NSQIP, meanwhile, "may be more relevant to quality. For instance, the definition of skin and soft tissue infection, while a very common diagnosis/complication, varies widely in the claims data but has a strict definition by NSQIP," Dr. Rubin said. "While NSQIP is expensive (both the enrollment and FTE required), it depends on the quality of the data as to whether it is too resource-intensive. I’m sure hospitals have spent a lot more on SCIP [Surgical Care Improvement Project (pdf)] than on NSQIP for a lot less improvement in quality."
NSQIP remains the gold standard, Dr. Rubin said. "The use of good clinical data carefully collected and carefully risk-adjusted is, in my opinion, the way to go," he said. "I’m worried that lesser claims data will not be accurate but will be acted upon as if it were."

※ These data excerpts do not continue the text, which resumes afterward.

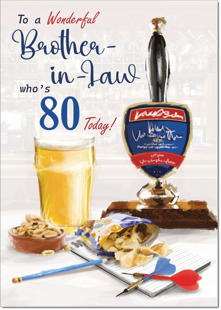 Brother-in-Law 80th Birthday Card Age 80 Draft Beer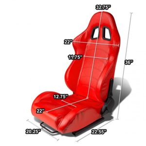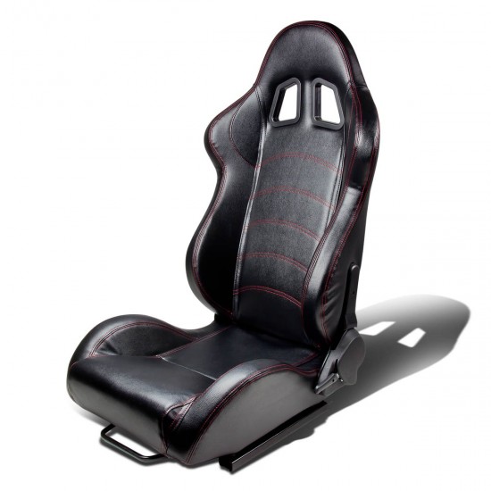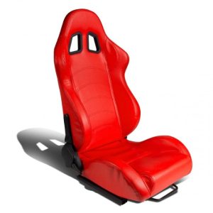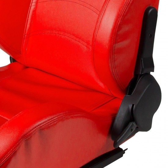 Left / Driver Side Reclinable Red PVC Leather Racing Seat w/Universal Slider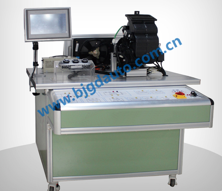 本實(shí)訓(xùn)臺(tái)采用鋁型材制作,原車(chē)配件組裝調(diào)試而成,可直觀、清楚、方便的展現(xiàn)了純電動(dòng)汽車(chē)空調(diào)的工作過(guò)程及原理。此實(shí)訓(xùn)臺(tái)與傳統(tǒng)汽車(chē)空調(diào)系統(tǒng)不同的是空調(diào)壓縮機(jī)直接靠電力驅(qū)動(dòng),通過(guò)電力驅(qū)動(dòng)帶動(dòng)壓縮機(jī)工作,暖風(fēng)使用電加熱,可快速供暖,從而可調(diào)節(jié)車(chē)內(nèi)的環(huán)境溫度,提高舒適度。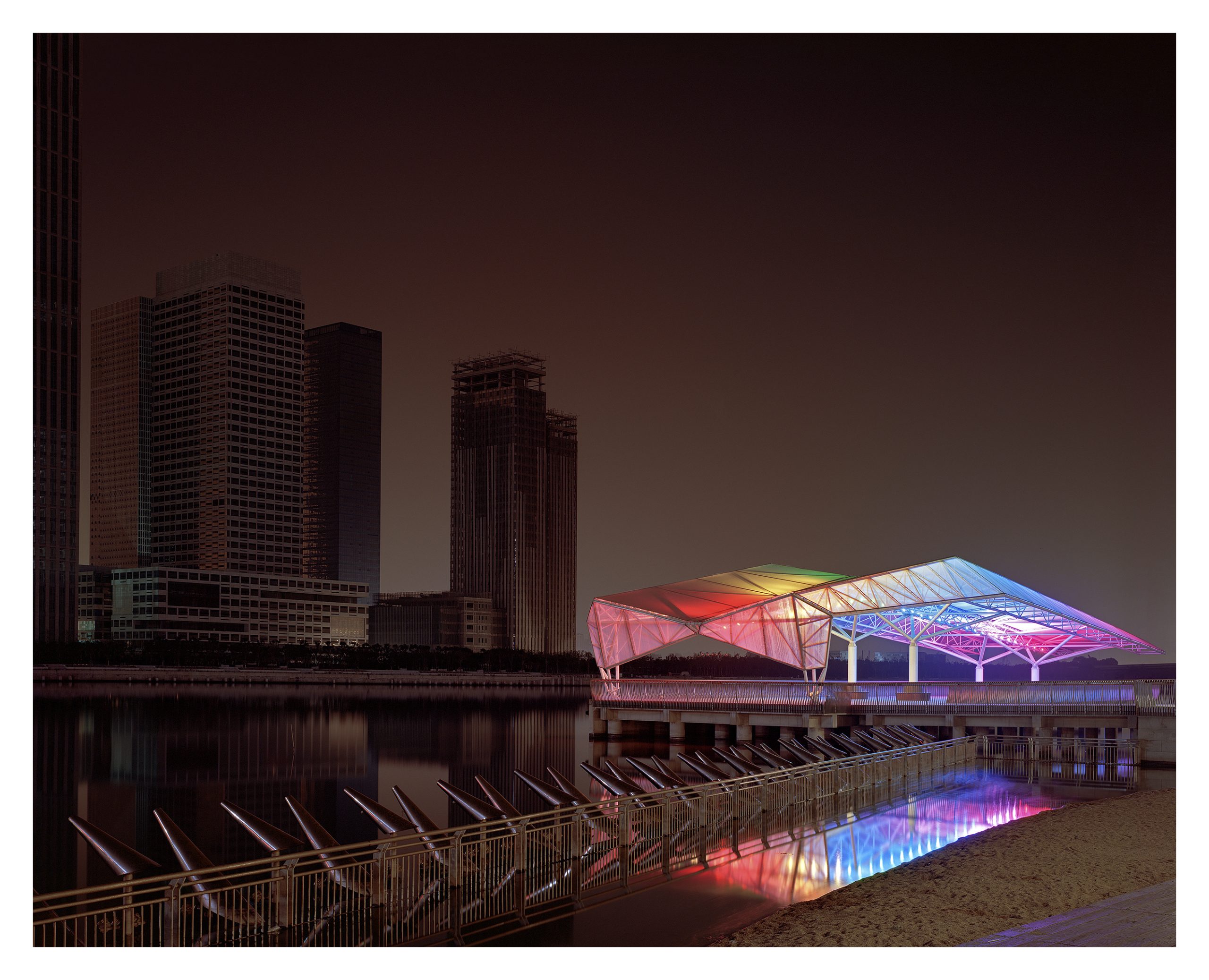 My own images of Kangbashi and the Tianjin Binhai New Area, both new towns labelled ghost cities in news reports and featured in Caemmerer’s series, also show places that are empty, or mostly empty (Figures 9 and 10). There is an undeniable truth to the absence of population that legitimated much of the ghost city trope. Kangbashi, for example, was believed to have less than 10,000 full-time inhabitants in 2010, when sufficient housing had been built for nearly 200,000 people. A similar pattern whereby construction far outpaced new settlement in new towns produced multiple cases featuring similar landscapes of seeming abandonment and emptiness. The tendency among urban administrations to foster quick urban growth in order to reap political and economic benefits powered this surge in growth, fuelled as well by private capital seeking potentially huge profits in China’s burgeoning real estate sector. What I have elsewhere termed China’s “urban speed machine” (Chien and Woodworth 2018) describes a growth coalition for which speed is of the essence.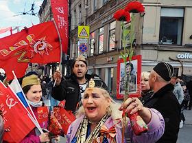 Участники акции "Бессмертный полк" после завершения шествия по Невскому проспекту.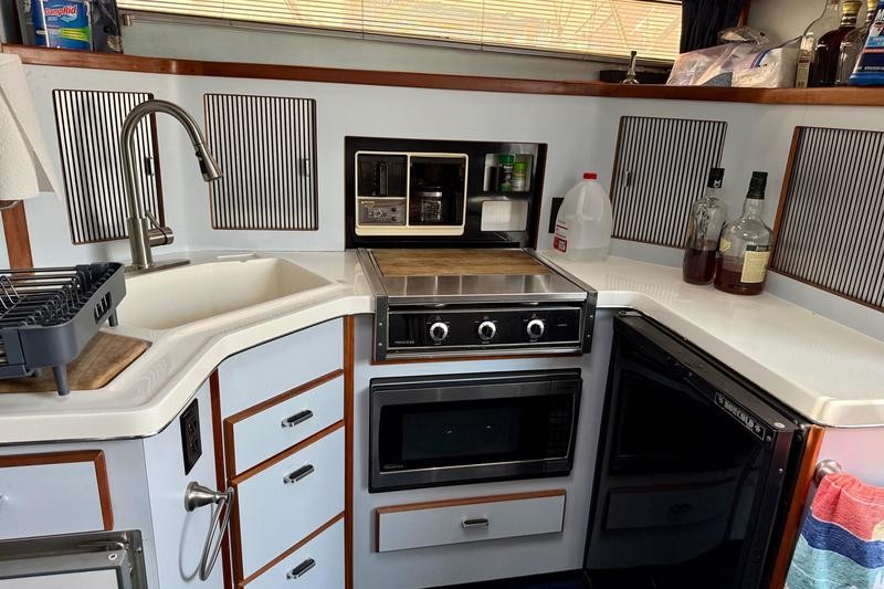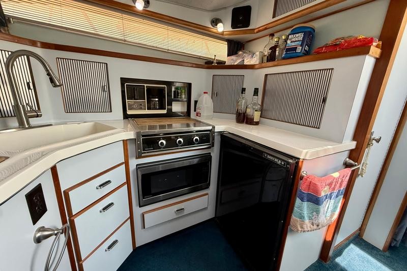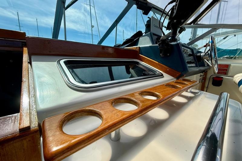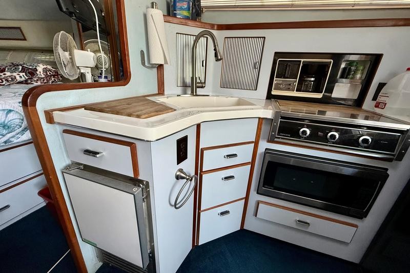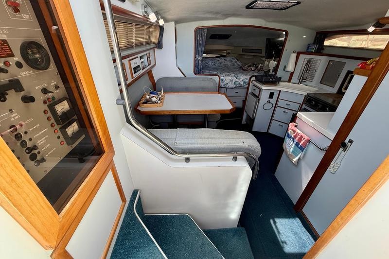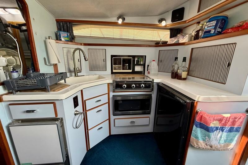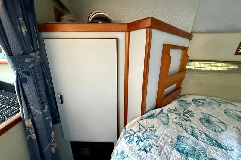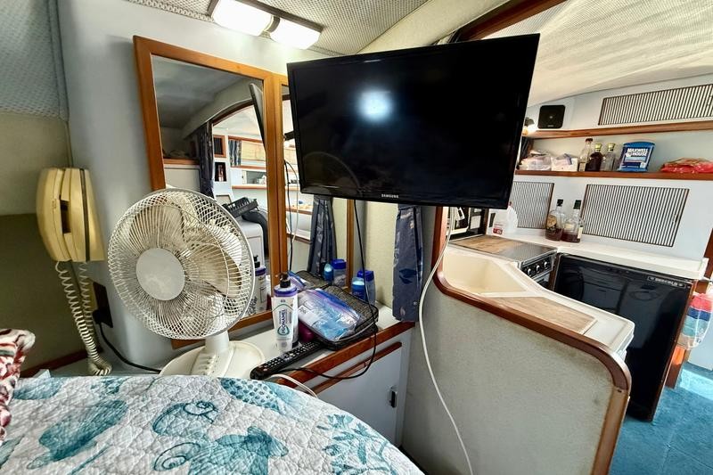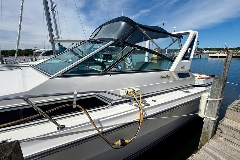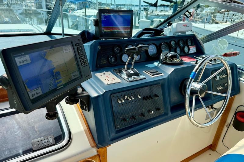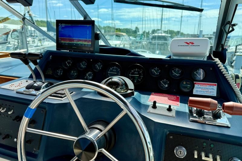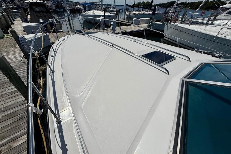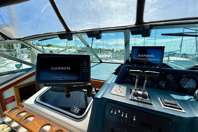 This particular 340 Sundancer has been well cared for and shows pride of ownership. Her roomy cockpit with double helm seating, aft-facing lounge, and convertible transom seating makes her ideal for entertaining guests dockside or while cruising. Below, the inviting cabin layout features a fully equipped galley, a private forward stateroom, convertible dinette, and a mid-cabin lounge that converts to an additional berth - allowing comfortable overnight accommodations for up to six.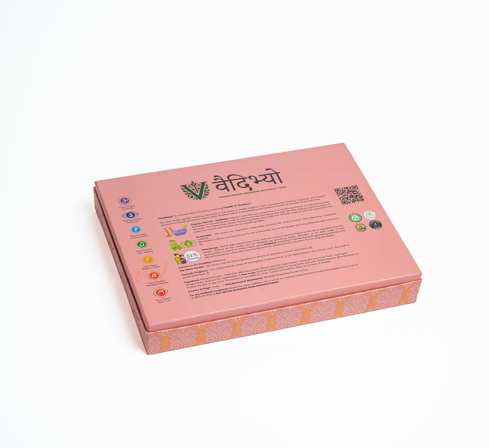 Experience the soothing aroma of Vaidibhyo Luxury Incense Products. These herbal pooja items are perfect for spiritual practices and come in eco-friendly packaging.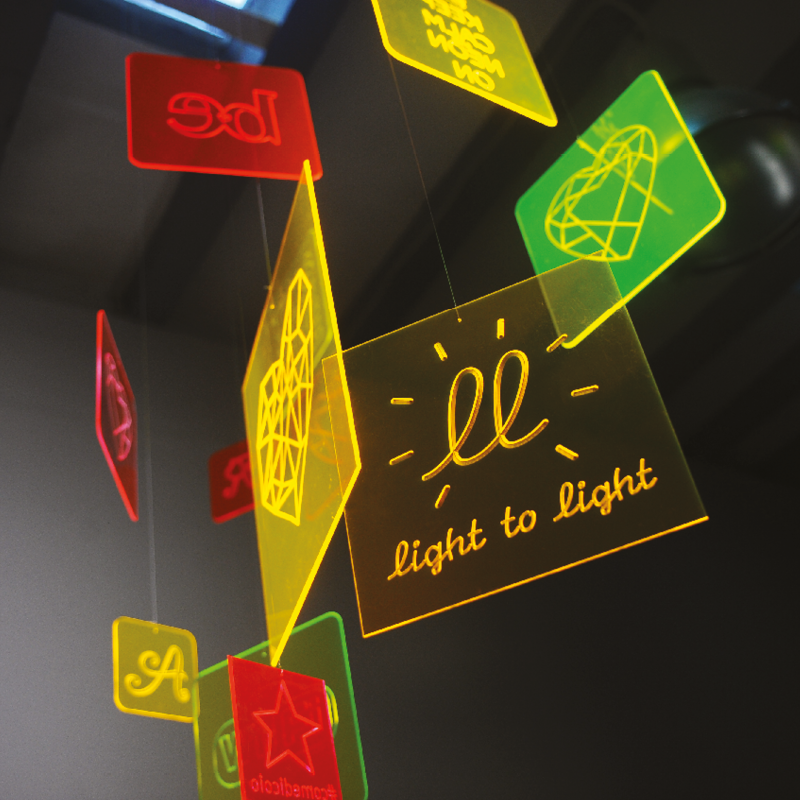 Si tratta di una nuova tecnologia per generare luce a partire dalla luce, senza l’ausilio dell’ energia elettrica. Grazie alla tecnica brevettata da Imbergamo, la luce ambientale viene assorbita e concentrata in linee fluoerescenti, che sembrano illuminate mache in realtà non sono collegate ad alcuna fonte di energia artificiale.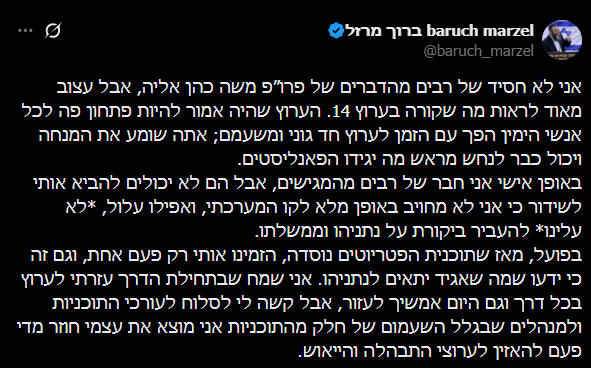 מנהיג תנועת כ"ך, ברוך מרזל לא נשאר אדיש לעזיבתו של פרופסור משה כהן-אליה את "הפטריוטים" ותקף את ראשי ערוץ 14

Dr. Sessler said he agrees that the NSQIP registry is a valuable resource, but notes that it applies to a limited number of hospitals, and fewer than 1% of U.S. surgical patients. "Specially trained nurses must abstract clinical details from the records of each NSQIP patient," he said. "Because NSQIP applies to so few patients in so few hospitals, it cannot be used to compare hospital performance." In contrast, he said, the Risk Stratification Index can be used for all patients and all hospitals.